Every line from the start of the data through the line containing "Los pequeños atendieron" should be retyped exactly; the pictures should not.
━━ MATERIAL FOR THIS EXERCISE
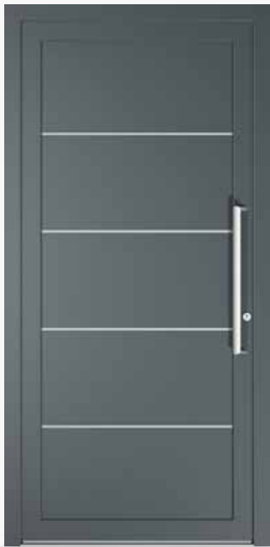
RAVENNA ALU PPAPRA CA0 | col.59
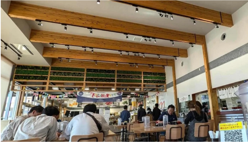
ウミヤマシヨクドウ エリア
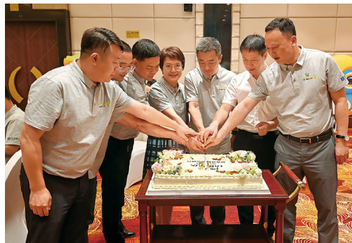
庆祝维艾乐成立十周年

会议期间，来自全国八大区域、四大职能部门及新零售团队的负责人依次汇报了上半年的工作成果及下半年的重点工作规划。上半年，维艾乐圆满完成了销售目标，但透过可喜的成绩单，我们也深刻洞察到后疫情时代大健康品类市场环境的危机，以及下半年各项工作的挑战。
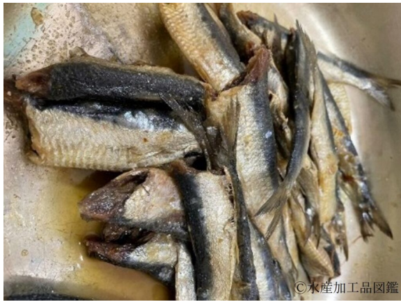
写真5 しょっからいわし
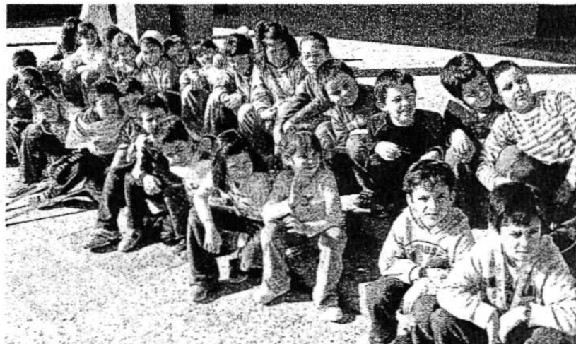
Los pequeños atendieron a las explicaciones sobre el reciclaje en el patio aprovechando el buen tiempo.

Entre los actos previstos para este mes destacan el cuentacuentos con mayores y un análisis del municipio desde la perspectiva de género.
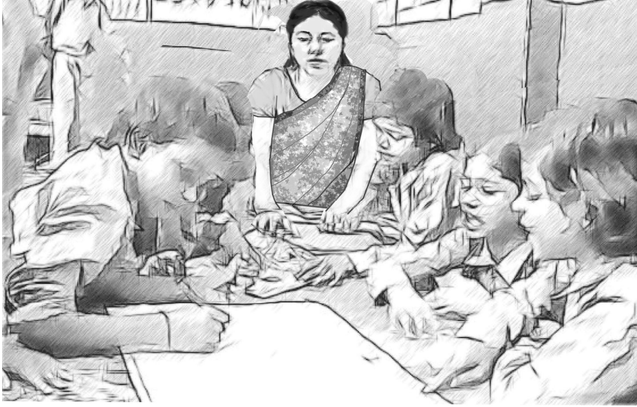
চিত্ৰ ২ : এটা দলে মিলি কাহিনীৰ কাম কৰি আছে

যেতিয়া প্ৰত্যেকৰে কোৱা শেষ হয় তেতিয়া মই তেওঁলোকক তেওঁলোকে কোৱা কথাখিনিৰ শব্দবোৰ দেখুৱাই দি পঢ়ি শুনাও। তাৰপাছত বাক্যবোৰ আমি পুনৰ চাওঁ আৰু নতুনকৈ সাজি একোটা কাহিনী তৈয়াৰ কৰোঁ। আমি সকলোৱে কাহিনীটো একেলগে ডাঙৰকৈ পঢ়োঁ আৰু নতুনকৈ নতুন শব্দ আৰু খণ্ডবাক্য সংযোগ কৰি সাৱলীল আৰু মনোগ্ৰাহী কৰোঁ। যেতিয়া সকলোৱে কাহিনীটো শুনি আনন্দ পায় তেতিয়া আমাৰ সকলোৰে সন্মত কাহিনীটোৰ এটা নাম দিওঁ।
━━━━
> [RESPONSE]:
RAVENNA ALU PPAPRA CA0 | col.59
ウミヤマシヨクドウ エリア
庆祝维艾乐成立十周年

会议期间，来自全国八大区域、四大职能部门及新零售团队的负责人依次汇报了上半年的工作成果及下半年的重点工作规划。上半年，维艾乐圆满完成了销售目标，但透过可喜的成绩单，我们也深刻洞察到后疫情时代大健康品类市场环境的危机，以及下半年各项工作的挑战。
写真5 しょっからいわし
Los pequeños atendieron a las explicaciones sobre el reciclaje en el patio aprovechando el buen tiempo.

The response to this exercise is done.